Время шло, курс читался, автор писал докторскую диссертацию на тему «Эволюция литературного творчества В. С. Высоцкого» (примерно так же назывался в ту пору и спецкурс). И вот — «миг вожделенный настал: окончен мой труд многолетний...». Многим диссертантам знакомо такое чувство, когда после завершения и защиты тема как бы отходит от тебя, точнее — ты отходишь от неё как от чего-то уже пережитого. После защиты, состоявшейся в 1999 году, я тоже ощутил нечто подобное. Не то чтобы наступила «усталость» от Высоцкого, но захотелось увидеть его в бардовском контексте — контексте, тоже ему близком, родственном. Уж слишком «одинокой» фигурой он выглядел в моём курсе, и я ощутил, что он от этого теряет. Тем более что и некоторые публикации конца 90-х (составленный Вл. И. Новиковым сборник «Авторская песня», книга Л. Аннинского «Барды») провоцировали именно на такой поиск.

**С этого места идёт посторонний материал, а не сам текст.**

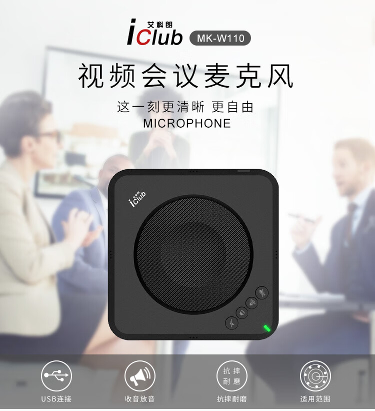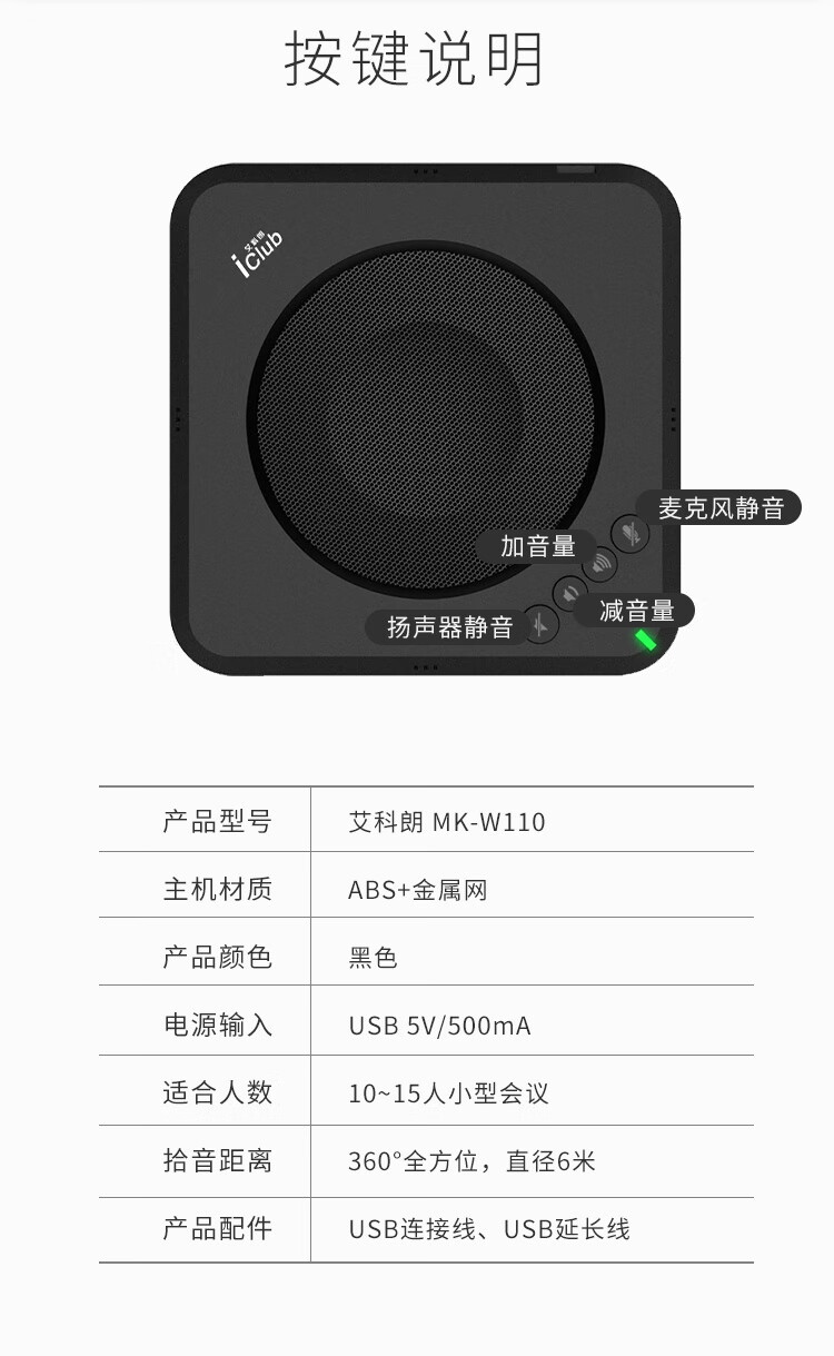 商品名称:☆艾科朗 ICLUB USB视频会议全向麦克风 MK-W110 小型会议高清会议软件系统终端扬声器设备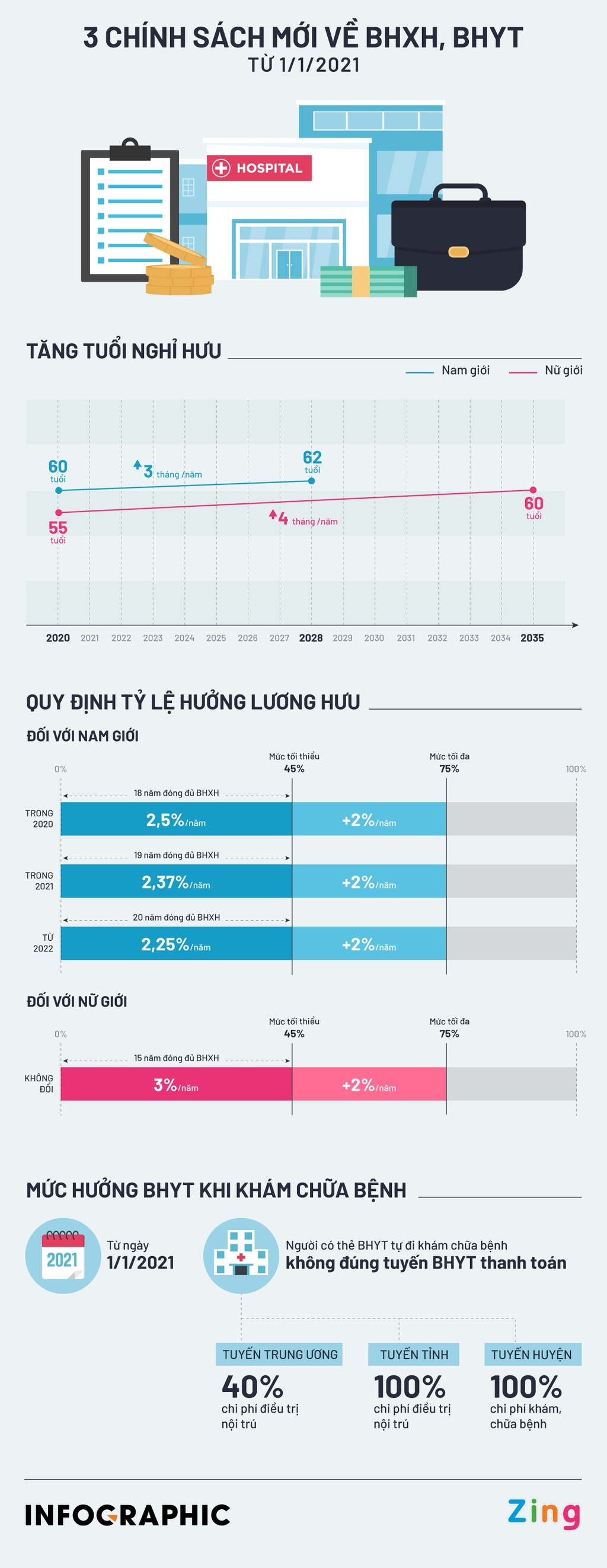Tuổi nghỉ hưu của lao động nam từ năm 2021 là đủ 60 tuổi 3 tháng và của lao động nữ là đủ 55 tuổi 4 tháng. Sau đó mỗi năm tăng 3 tháng với nam và 4 tháng với nữ.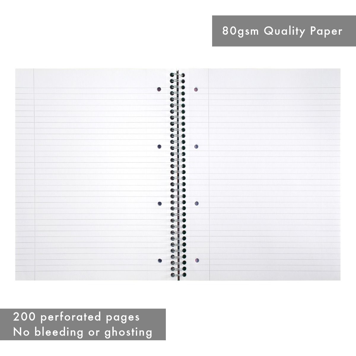Notează notițe și mementouri în acest caiet Pukka A4 cu pagini late, cu linii. Fiecare pagină este perforată, astfel încât paginile se pot rupe la dimensiunea A4 pentru o arhivare ușoară.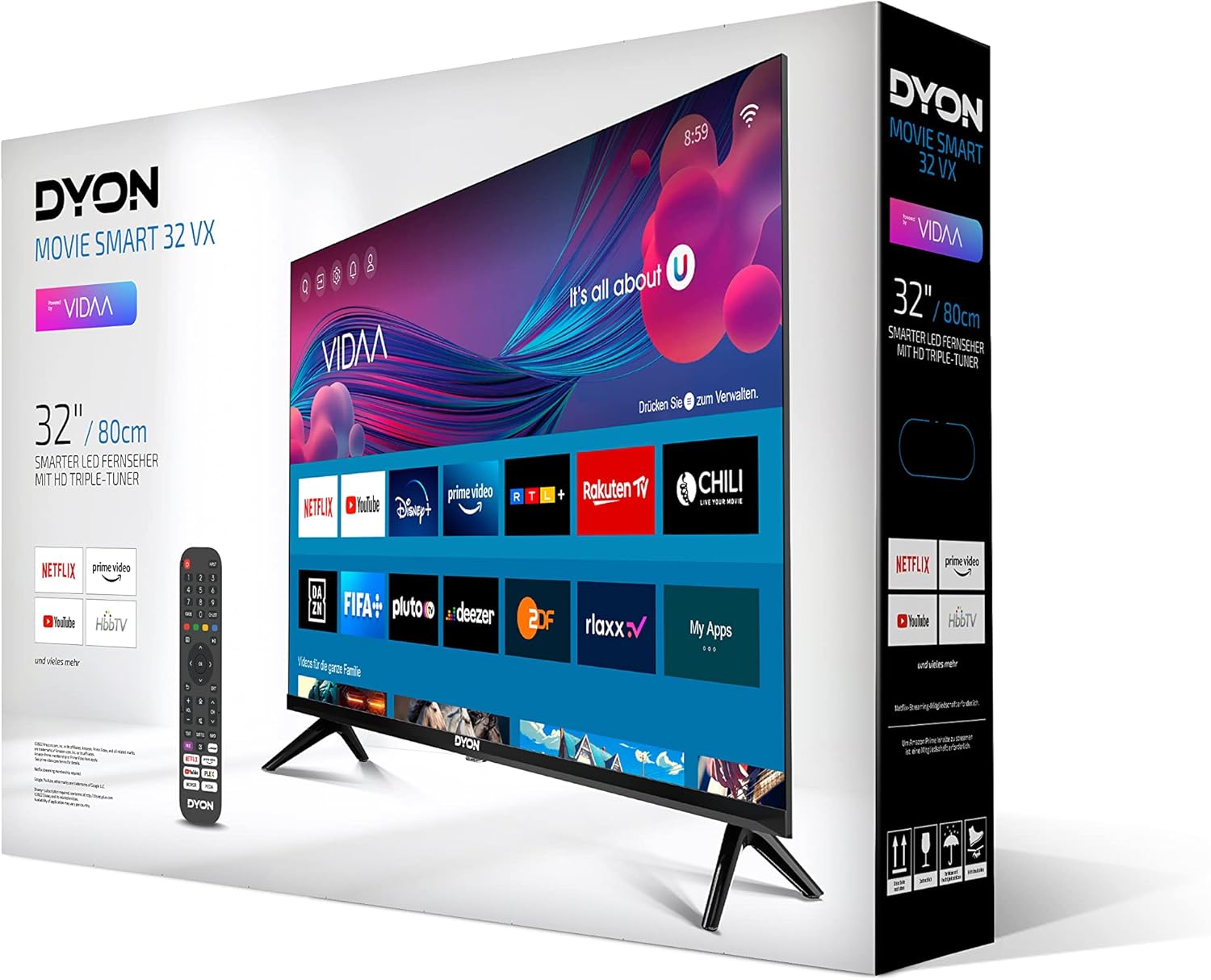 - Lieferumfang: Movie Smart 32 VX, Fernbedienung inkl. Batterien, Standfuß, Schnellstart-Anleitung (Englische Sprache nicht gewährleistet)

И я решил расширить предмет разговора. Курс мой получил теперь название «Авторская песня 1950–1970-х годов» и, понятно, Высоцким уже не ограничивался. Ему я оставил треть объёма — четыре лекции из двенадцати. А первую лекцию, по уже устоявшейся традиции, посвятил истокам — на сей раз уже поэзии не одного лишь Высоцкого, а авторской песни в целом. Здесь особой переделки не потребовалось: тот же Вертинский, тот же фольклор... Затем шли небольшие монографические темы, примерно по часу на каждое имя: Анчаров, Визбор, Ким, Городницкий. Разговор получался, конечно, беглый; можно было успеть сказать только самое главное и проиллюстрировать свою мысль двумя-тремя песнями-примерами. Например, в творчестве Анчарова я выделил тему «маленького человека», раскрытую им в духе гуманистической традиции русской литературы, и предложил слушателям «Песню про низкорослого человека...» и «Песню об органисте...». Герой первой из них — маленький человек в буквальном смысле слова, инвалид, потерявший на фронте обе ноги, — вызывает наше сочувствие страшной простотой своей трагической судьбы; органист же, с его «ростом не больше валенка», благодаря своему таланту и авторской гиперболе, прямо на сцене обретает «огромный рост». Такой взгляд на человека отвечал поискам лучших художников эпохи оттепели, начинавших вглядываться в живого человека, образ которого не совпадал с ходульно-риторическими схемами официозного искусства.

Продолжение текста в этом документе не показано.